EXERCISE PROMPT: Go through the records and set each one down exactly, skipping any picture.

SUPPLIED RECORDS:
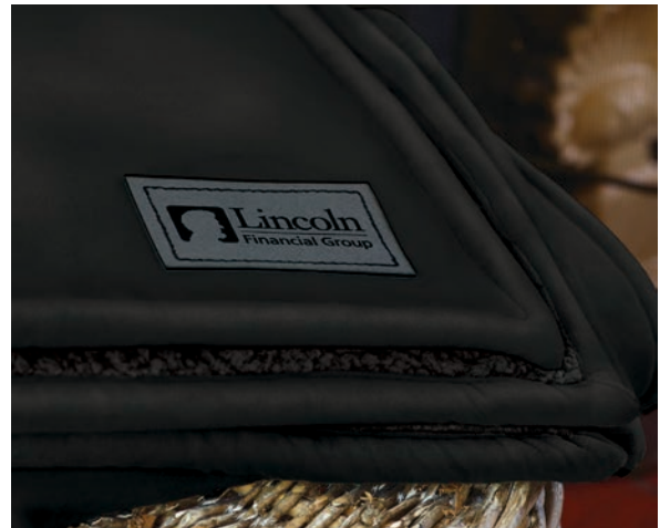
Shown above with laser patch.
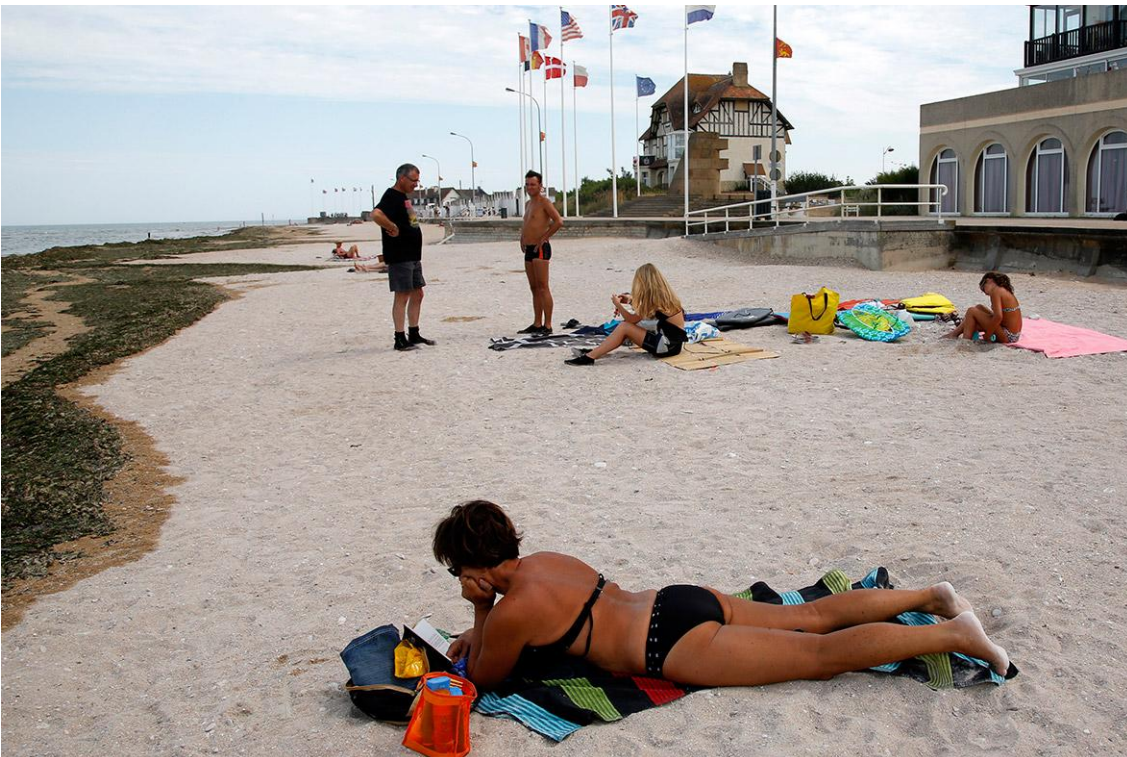
A tourist sunbathes on a former Juno Beach landing area where Canadian troops came ashore on D-Day at Bernieres Sur Mer, France
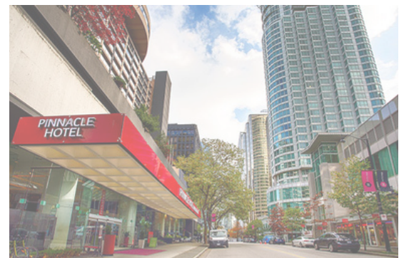
Pinnacle Hotel Harbourfront
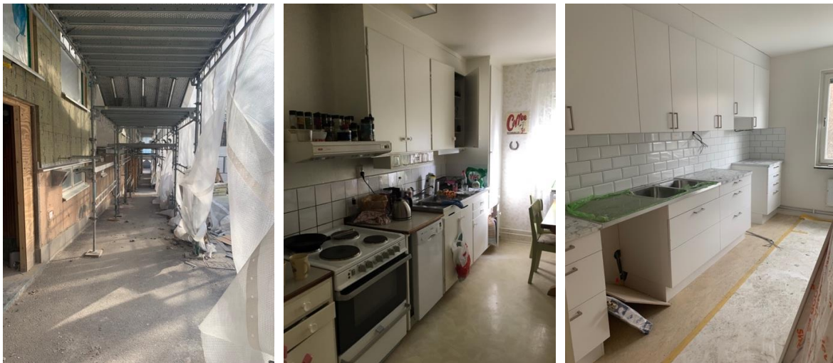
Figure 2a-c: Photos of Level 3 renovation, a) exterior and b) interior, kitchen pre renovation and c) during renovation.

Level 3 is a comprehensive or deep renovation with both external and internal measures. In this case tenants need to be evacuated for up to 12 months (Figure 2). The rents increase is high and so are the potential energy savings. One of the level 3 renovation where a new EPC has been carried out, reaches 74 kWh/m 2 and year after renovation which is a reduction of about 50% to pre-renovation levels.
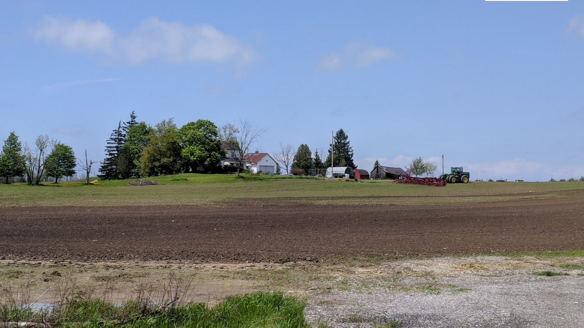
Surplus Farm Dwelling to be Severed.
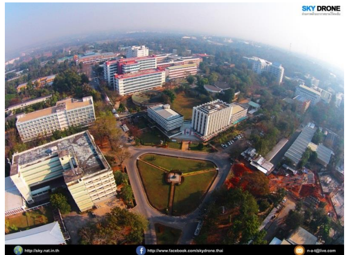
A part of KKU view by Sky Drone
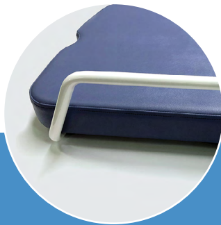
Fixed (at the head) or retractable (at the foot) transport handles are available for easy maneuvering of the exam table.
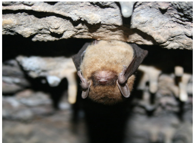
A little brown bat hanging upside down in a cave.

Bat habitat use often changes over the course of the year, and varies depending on whether the bats are reproducing females or not, but many of the native bats in Wisconsin are forest-dwelling bats. Little brown bats and big brown bats commonly roost in human-made structures but can also be found in the summer under tree bark, in rock crevices, and in tree hollows. They prefer mature old-growth forests for roosting and share this preference with many of the other native bat species of Wisconsin. Dead trees, called snags, are often a prime choice for roosts with their peeling bark and other hollow crevices. In winter bats move to caves, cliffsides, and mines to hibernate. As always there are exceptions though! Eastern red bats ( Lasiurus borealis ), for example, burrow into leaf litter for the winter. During these journeys between roosts, edge habitat (areas where woodlands and open prairies or fields meet) is integral. Not only does edge habitat allow for safer travel as it protects them from predators and wind, but such habitat also often has an abundance of food. In fact, woodland edge habitat is the preferred habitat for the tricolored bat, especially if near a body of water.
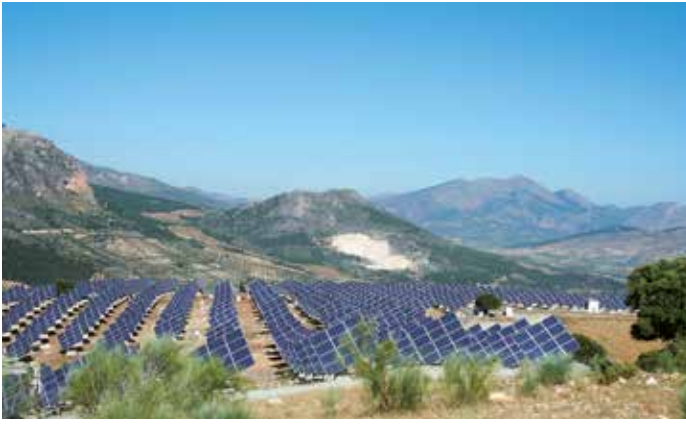
KPV ground mounted PV park / Spain

KPV – your ideal partner for Photovoltaic Power Plant Projects.
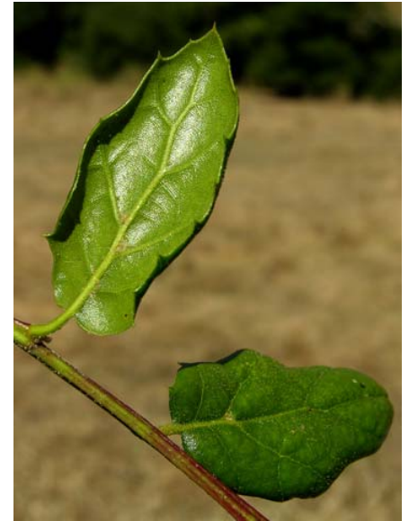
Quercus agrifolia var. agrifolia Coast Live Oak Native Perennial Fagaceae
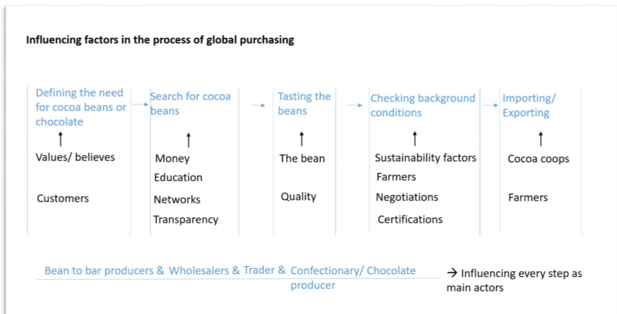
Figure 3: Influencing factors in the process of global purchasing

Figure 3 illustrates though what factors the method transforms in each step of the global purchasing model and since the influences are heterogeneous it provides an understanding of why such changes are transforming differently in SMEs.
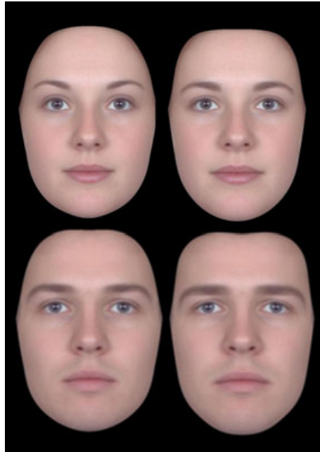
Figure 1. Examples of feminized (left) and masculinized (right) female and male faces.

ANSWER TO THIS TASK:
Shown above with laser patch.
A tourist sunbathes on a former Juno Beach landing area where Canadian troops came ashore on D-Day at Bernieres Sur Mer, France
Pinnacle Hotel Harbourfront
Figure 2a-c: Photos of Level 3 renovation, a) exterior and b) interior, kitchen pre renovation and c) during renovation.

Level 3 is a comprehensive or deep renovation with both external and internal measures. In this case tenants need to be evacuated for up to 12 months (Figure 2). The rents increase is high and so are the potential energy savings. One of the level 3 renovation where a new EPC has been carried out, reaches 74 kWh/m 2 and year after renovation which is a reduction of about 50% to pre-renovation levels.
Surplus Farm Dwelling to be Severed.
A part of KKU view by Sky Drone
Fixed (at the head) or retractable (at the foot) transport handles are available for easy maneuvering of the exam table.
A little brown bat hanging upside down in a cave.

Bat habitat use often changes over the course of the year, and varies depending on whether the bats are reproducing females or not, but many of the native bats in Wisconsin are forest-dwelling bats. Little brown bats and big brown bats commonly roost in human-made structures but can also be found in the summer under tree bark, in rock crevices, and in tree hollows. They prefer mature old-growth forests for roosting and share this preference with many of the other native bat species of Wisconsin. Dead trees, called snags, are often a prime choice for roosts with their peeling bark and other hollow crevices. In winter bats move to caves, cliffsides, and mines to hibernate. As always there are exceptions though! Eastern red bats ( Lasiurus borealis ), for example, burrow into leaf litter for the winter. During these journeys between roosts, edge habitat (areas where woodlands and open prairies or fields meet) is integral. Not only does edge habitat allow for safer travel as it protects them from predators and wind, but such habitat also often has an abundance of food. In fact, woodland edge habitat is the preferred habitat for the tricolored bat, especially if near a body of water.
KPV ground mounted PV park / Spain

KPV – your ideal partner for Photovoltaic Power Plant Projects.
Quercus agrifolia var. agrifolia Coast Live Oak Native Perennial Fagaceae
Figure 3: Influencing factors in the process of global purchasing

Figure 3 illustrates though what factors the method transforms in each step of the global purchasing model and since the influences are heterogeneous it provides an understanding of why such changes are transforming differently in SMEs.
Figure 1. Examples of feminized (left) and masculinized (right) female and male faces.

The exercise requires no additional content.